Mutual Building Loan Ass'n of Eufaula v. Guice

As stated, this action was brought by appellee, Guice, against appellant, the Mutual Building Loan Association of Eufaula, Ala., and sought to recover the statutory penalty of $200 for failure to cancel a mortgage given by appellee to appellant (Code 1923, § 9024).

Guice, the appellee, was a stockholder in the building and loan association. On August 2, 1930, he obtained an advance from said association of $7,440 upon 62 shares of stock owned by him, or $120 per share.

Dues to the association were payable on the first Monday in each month and it was provided in the by-laws that a borrower or purchaser of an advance shall pay in addition to his or her other monthly dues $1 per month for each share of which such advance is made; and in case of failure to pay shall be subject to a fine.
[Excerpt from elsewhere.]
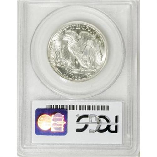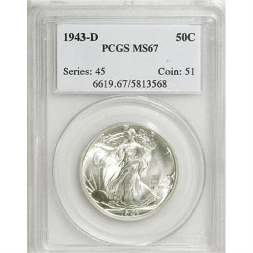 <B>1943-D 50C MS67 PCGS.</B></I> An essentially untoned and delightful Superb Gem example of this short-set issue, solidly struck with pleasing definition on the branch hand. Powerful luster shows a hint of satin. PCGS has certified a mere two finer examples (1/08).<BR><BR><B>Coin Engraver:</B> Adolph A. Weinman<BR><BR><b>Shipping:</b> Coins & Currency (<a target="_blank" href="http://www.heritageauctions.com/common/shipping.php">view shipping information</a>)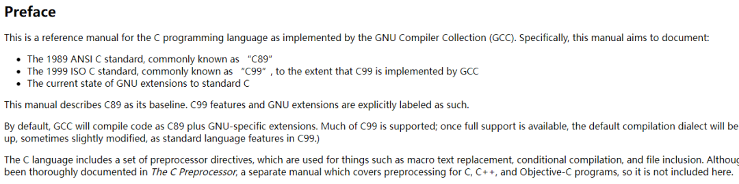 但只要你打开 GNU C 的手册,开头就把这个问题说的一清二楚。

There was also a provision for forfeiture for nonpayment of dues or other obligations. Guice had paid his August, 1930, dues on the first day of that month and that, according to the evidence, was his usual custom. On September 1st he paid his regular monthly dues, and his $1 per share assessment for the advance. The undisputed evidence shows that he continued to make payments of similar amounts until April, 1932, when all assessments were stopped and the stock became worth $120 per share, the exact amount appellee had received from the association as an advance. The association was wound up during 1932, paying all other stockholders $120 for each share of stock owned by them.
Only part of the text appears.